The value of the extra pixel depends on the technique used. The different interpolation techniques used in OpenCV are:

- INTER_NEAREST: nearest neighbor interpolation technique
- INTER_LINEAR: bilinear interpolation (default)
- INTER_LINEAR_EXACT
- INTER_AREA: resampling using pixel area relation
- INTER_CUBIC: bicubic interpolation over 4 x 4 pixel neighborhood
- INTER_LANCZOS4: Lanczos interpolation over 8 x 8 pixel neighborhood
- INTER_NEAREST_EXACT
- INTER_MAX
- WARP_FILL_OUTLIERS
- WARP_INVERSE_MAP

In OpenCV Python, Interpolation method is used while resizing an image as follows:

```
image = cv2.resize(image, dsize=(new_height, new_width),
interpolation=cv2.INTER_CUBIC)
```

This image gives an idea of how images are interpolated using different methods:

## INTER_NEAREST interpolation in OpenCV

This option uses the nearest neighbor interpolation algorithm. It retains the sharpness of the edges though the overall image may be blurred.

It is used as follows:

```
image = cv2.resize(image, dsize=(new_height, new_width),
interpolation=cv2.INTER_NEAREST)
```

## INTER_LINEAR

This option uses the bilinear interpolation algorithm. Unlike INTER_NEAREST, this does the interpolation in two dimensions and predicts the function used to calculate the color of a pixel.

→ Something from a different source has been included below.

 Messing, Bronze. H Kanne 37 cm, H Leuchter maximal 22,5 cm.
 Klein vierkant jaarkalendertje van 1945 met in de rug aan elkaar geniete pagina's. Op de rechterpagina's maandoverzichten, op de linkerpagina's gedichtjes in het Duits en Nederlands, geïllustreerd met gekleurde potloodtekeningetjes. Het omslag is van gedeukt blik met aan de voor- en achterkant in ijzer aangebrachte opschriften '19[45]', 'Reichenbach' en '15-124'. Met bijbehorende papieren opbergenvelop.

This algorithm is effective in handling visual distortions while zooming or enlarging an image.

It is used as follows:

```
image = cv2.resize(image, dsize=(new_height, new_width),
interpolation=cv2.INTER_LINEAR)
```

## INTER_LINEAR_EXACT

INTER_LINEAR_EXACT is a modification of INTER_LINEAR and both uses bilinear interpolation algorithm. The only difference is that the calculations in INTER_LINEAR_EXACT are accurate to a bit.

It is used as follows:

```
image = cv2.resize(image, dsize=(new_height, new_width),
interpolation=cv2.INTER_LINEAR_EXACT)
```

## INTER_AREA

This option uses resampling using pixel area relation technique. While enlarging images, INTER_AREA work same as INTER_NEAREST.

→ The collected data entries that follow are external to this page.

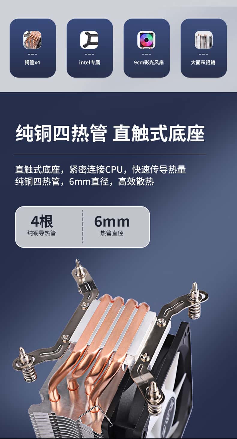 ID-COOLING下压式CPU风冷散热器4热管直触9CM风
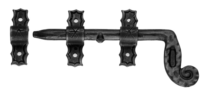 With its traditional shapes and characteristic curved handle, this wrought iron bolt is ideal for enriching wooden doors, shutters or gates, in rural, period or country contexts.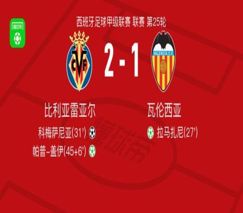 北京时间2月23日西班牙足球甲级联赛 联赛 第25轮,比利亚雷亚尔主场对阵瓦伦西亚 。比利亚雷亚尔科梅萨尼亚破门,帕普-盖伊破门 。瓦伦西亚拉马扎尼破门 。最终比分比利亚雷亚尔 2-1 瓦伦西亚 。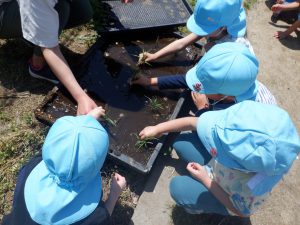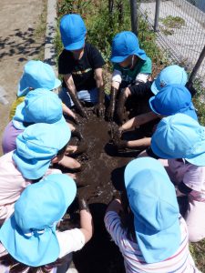 普段の遊びでは泥にしっかり両手を入れて遊ぶ経験の少ない子もいますが、今回の活動では田んぼの土作りを通して土や水、混ざり合っていく感触を楽しむことができました。

In other cases, INTER_AREA works better in image decimation and avoiding false inference patterns in images (moire pattern).

It is used as follows:

```
image = cv2.resize(image, dsize=(new_height, new_width),
interpolation=cv2.INTER_AREA)
```

## INTER_CUBIC

This option uses bicubic interpolation technique. This is an extension of cubic interpolation technique and is used for 2 dimension regular grid patterns.

It is used as follows:

```
image = cv2.resize(image, dsize=(new_height, new_width),
interpolation=cv2.INTER_CUBIC)
```

## INTER_LANCZOS4

This option uses Lanczos interpolation over 8 x 8 pixel neighborhood technique. It uses Fourier series and Chebyshev polynomials and is suited for images with large number of small size details.

It is used as follows:

```
image = cv2.resize(image, dsize=(new_height, new_width),
interpolation=cv2.INTER_LANCZOS4)
```

## INTER_NEAREST_EXACT

INTER_NEAREST_EXACT is a modification of INTER_NEAREST with bit level accuracy.

It is used as follows:

```
image = cv2.resize(image, dsize=(new_height, new_width),
interpolation=cv2.INTER_NEAREST_EXACT)
```

## INTER_MAX

This option uses mask for interpolation codes.

It is used as follows:

```
image = cv2.resize(image, dsize=(new_height, new_width),
interpolation=cv2.INTER_MAX)
```

## WARP_FILL_OUTLIERS

This interpolation technique skips the outliers during interpolation calculations.

It is used as follows:

```
image = cv2.resize(image, dsize=(new_height, new_width),
interpolation=cv2.WARP_FILL_OUTLIERS)
```

## WARP_INVERSE_MAP

This option uses inverse transformation technique for interpolation.

It is used as follows:

```
image = cv2.resize(image, dsize=(new_height, new_width),
interpolation=cv2.WARP_INVERSE_MAP)
```

With this article at OpenGenus, you must have the complete idea of Different Interpolation methods in OpenCV.